## EXERCISE
From the first line to the last, copy the listing exactly and omit the images.

## DATA RECORDS
Content starts
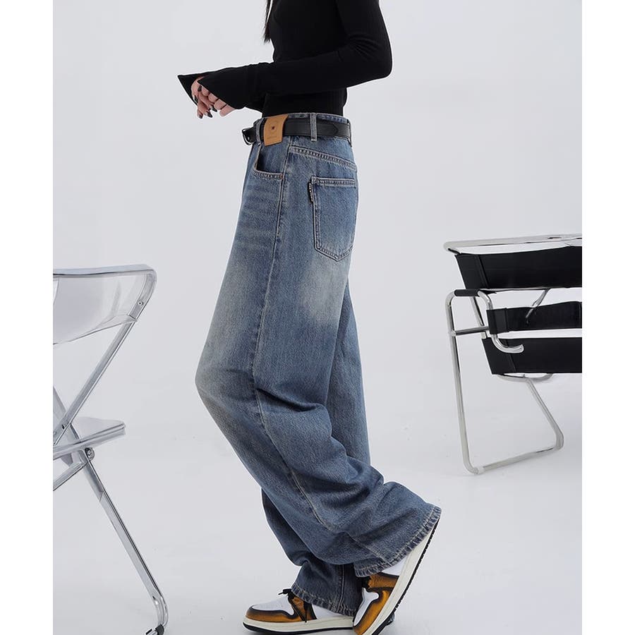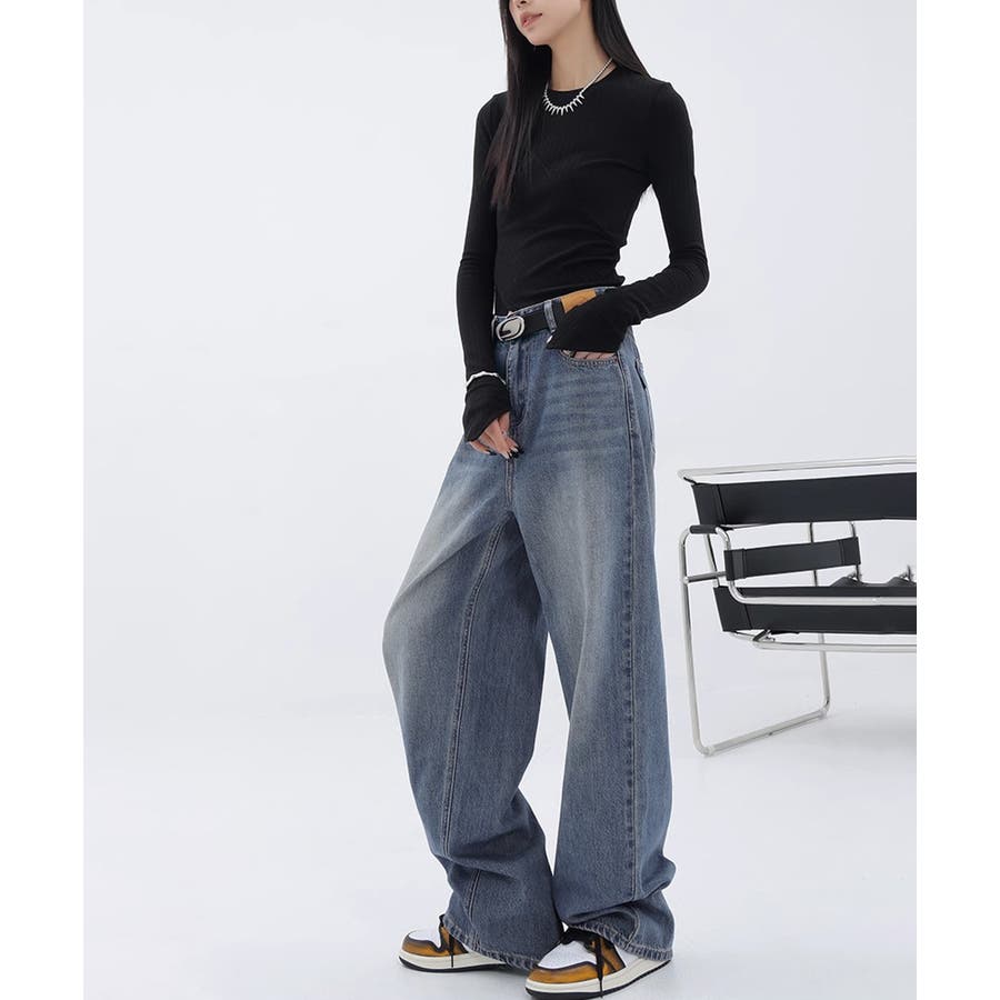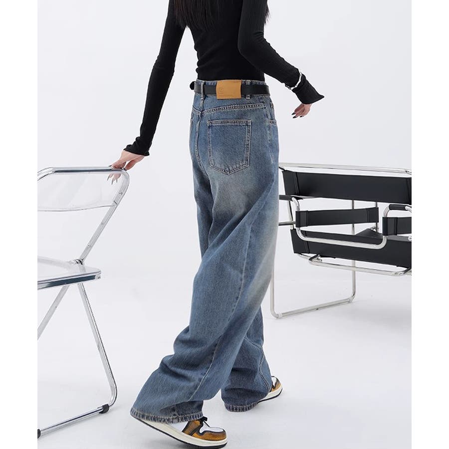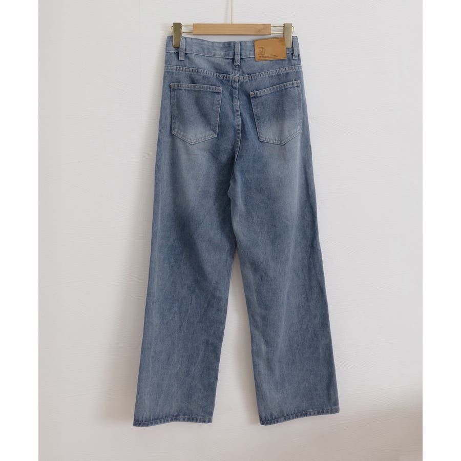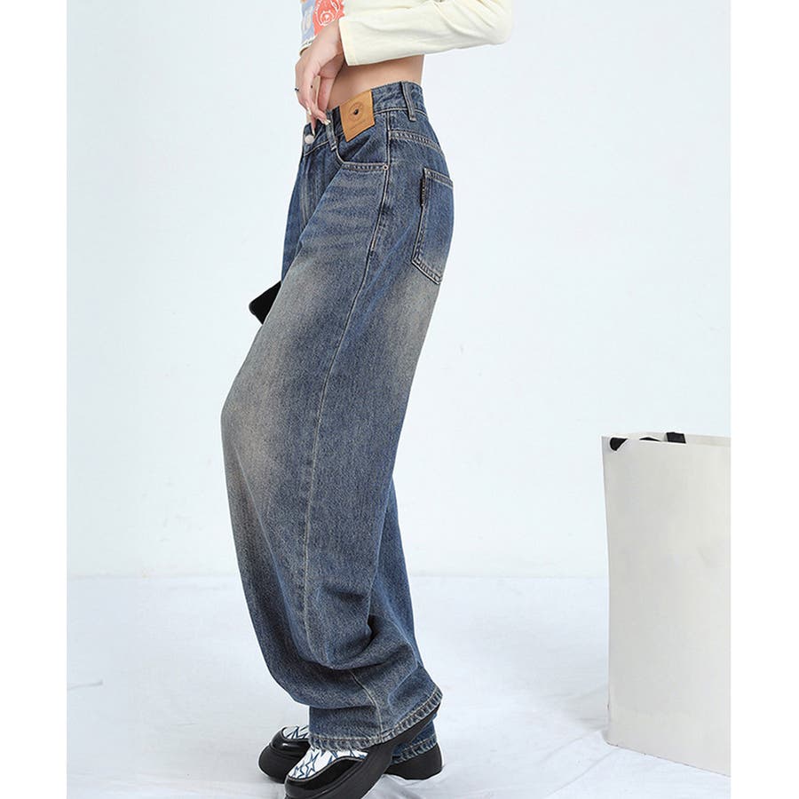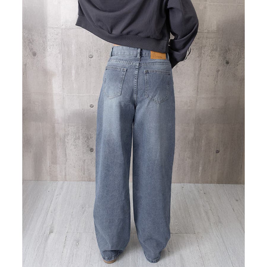 ビンテージ感漂うウォッシュ加工が魅力の、ワイドシルエットデニム。
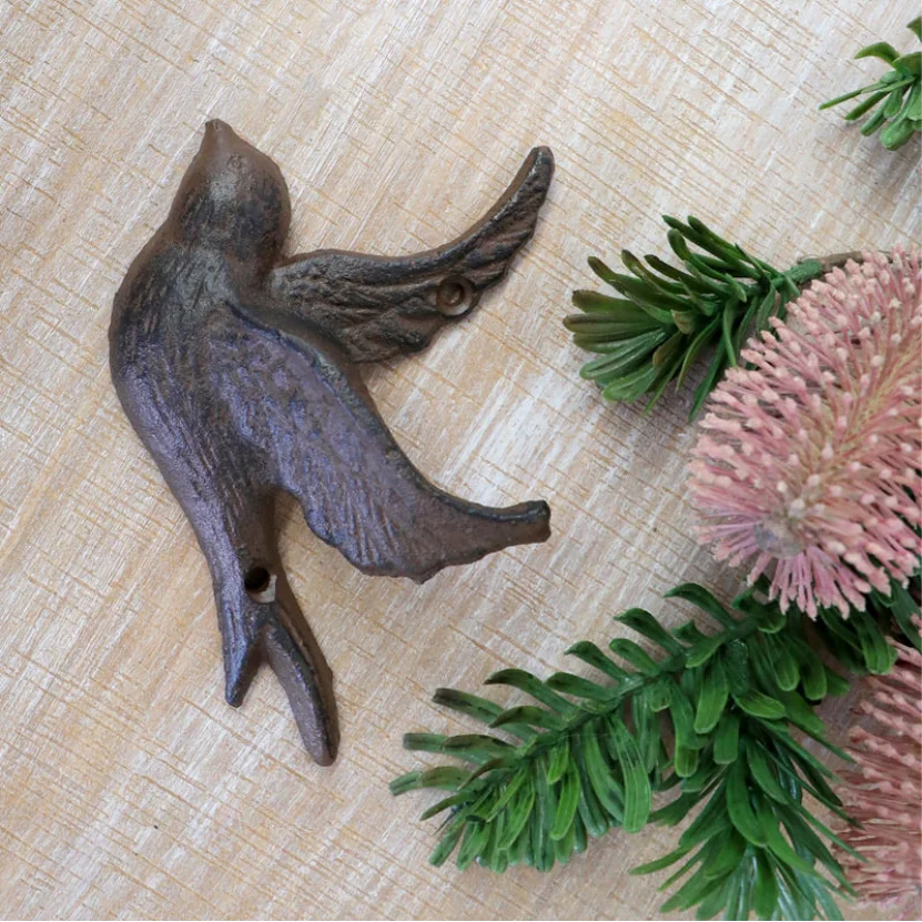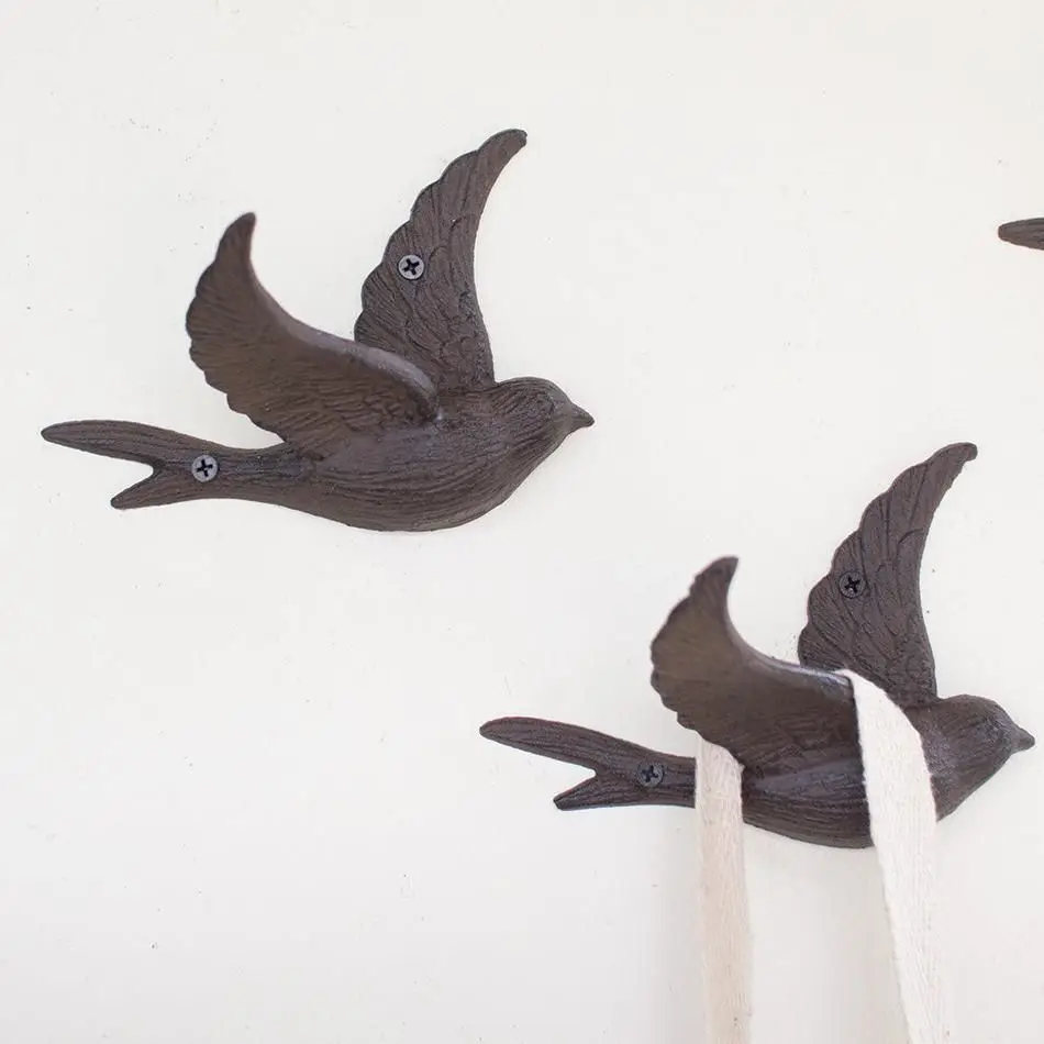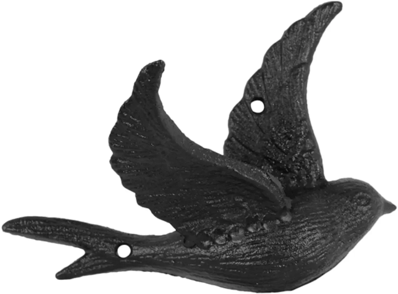 Rustic Farmhouse Bird Flying Decorative Coat Hooks Wing Hook Vintage Black Hooks for Coats Hats Sturdy Cast Iron Construction
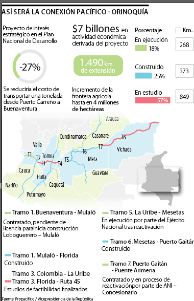 El Gobierno Nacional, junto a la Cámara Colombiana de la Infraestructura y ProPacífico presentaron oficialmente la vía que conectará al Pacífico con la Orinoquía. Se trata de un ambicioso proyecto que costará un poco más de $25,1 billones y que atravesará todo el país, desde Puerto Carreño hasta Buenaventura.
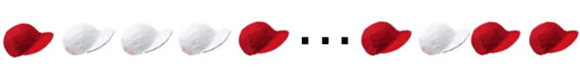 ではどこが本質的に違うか。その違いは2つあります。 もう1つの違いはと言いますと、リュックの場合にはあらかじめ部外者が、少なくとも1人は赤色のリュックを背負っている、とその状況を生徒に教えていることです。 そこでリュックの場合の正解には、この状況説明がキーポイントだったことを思い出していただければ、当設問84もこのあらかじめ決め事ができるという点が、重要なキーポイントだということがわかるわけです。 では、いよいよ正解に至る道筋の解説に入ります。 でも、これをふまえて3人目、5人目・・・と、飛び飛びに前の生徒の色を言っていけば、4人目、6人目・・・の生徒は正解になりますから、少なくとも半分は当たり、さらにこの場合、3人目、5人目・・・の生徒が4人目、6人目・・・と同じ色である場合もありますから、この方法なら半分以上の生徒は表彰状を手にすることができます。 でも、もっと他に方法はないか。そこで解答への手がかりや糸口、突破口を探る方法として、設問73にまとめてある対処法を考えてみますと、当設問の場合は「小さな数字や量で単純化、シンプル化してやってみる」が必須です。
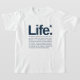 Life typography with a satirical asterisk and fine print. Dark-humor disclaimer that jokes about life's terms. For fans of sarcastic, witty, small-print humor.
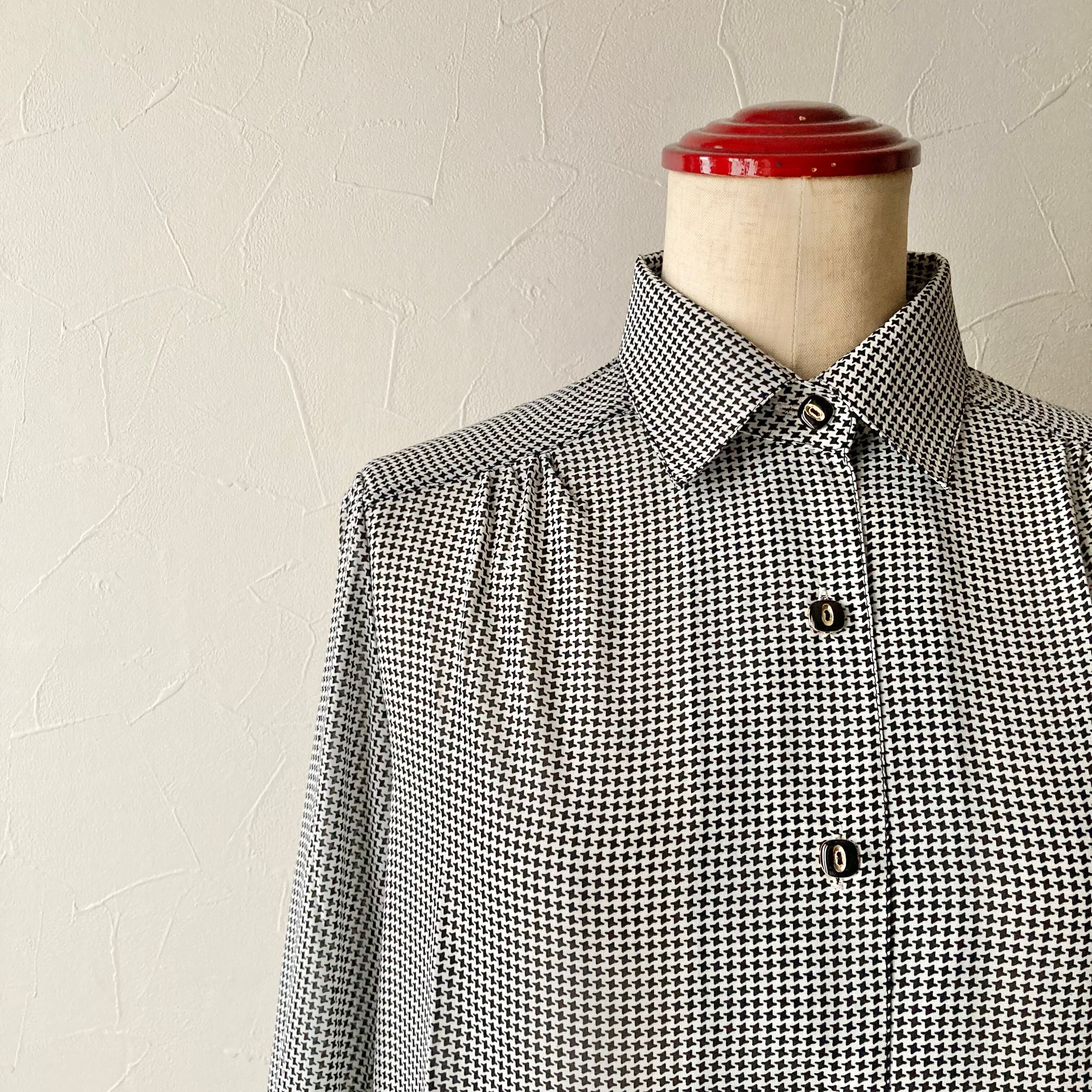 一見細かい千鳥格子のような柄がシンプルの中にもレトロを感じる素敵なブラウスです◯
Content ends
## YOUR RESPONSE
 ビンテージ感漂うウォッシュ加工が魅力の、ワイドシルエットデニム。
 Rustic Farmhouse Bird Flying Decorative Coat Hooks Wing Hook Vintage Black Hooks for Coats Hats Sturdy Cast Iron Construction
 El Gobierno Nacional, junto a la Cámara Colombiana de la Infraestructura y ProPacífico presentaron oficialmente la vía que conectará al Pacífico con la Orinoquía. Se trata de un ambicioso proyecto que costará un poco más de $25,1 billones y que atravesará todo el país, desde Puerto Carreño hasta Buenaventura.
 ではどこが本質的に違うか。その違いは2つあります。 もう1つの違いはと言いますと、リュックの場合にはあらかじめ部外者が、少なくとも1人は赤色のリュックを背負っている、とその状況を生徒に教えていることです。 そこでリュックの場合の正解には、この状況説明がキーポイントだったことを思い出していただければ、当設問84もこのあらかじめ決め事ができるという点が、重要なキーポイントだということがわかるわけです。 では、いよいよ正解に至る道筋の解説に入ります。 でも、これをふまえて3人目、5人目・・・と、飛び飛びに前の生徒の色を言っていけば、4人目、6人目・・・の生徒は正解になりますから、少なくとも半分は当たり、さらにこの場合、3人目、5人目・・・の生徒が4人目、6人目・・・と同じ色である場合もありますから、この方法なら半分以上の生徒は表彰状を手にすることができます。 でも、もっと他に方法はないか。そこで解答への手がかりや糸口、突破口を探る方法として、設問73にまとめてある対処法を考えてみますと、当設問の場合は「小さな数字や量で単純化、シンプル化してやってみる」が必須です。
 Life typography with a satirical asterisk and fine print. Dark-humor disclaimer that jokes about life's terms. For fans of sarcastic, witty, small-print humor.
 一見細かい千鳥格子のような柄がシンプルの中にもレトロを感じる素敵なブラウスです◯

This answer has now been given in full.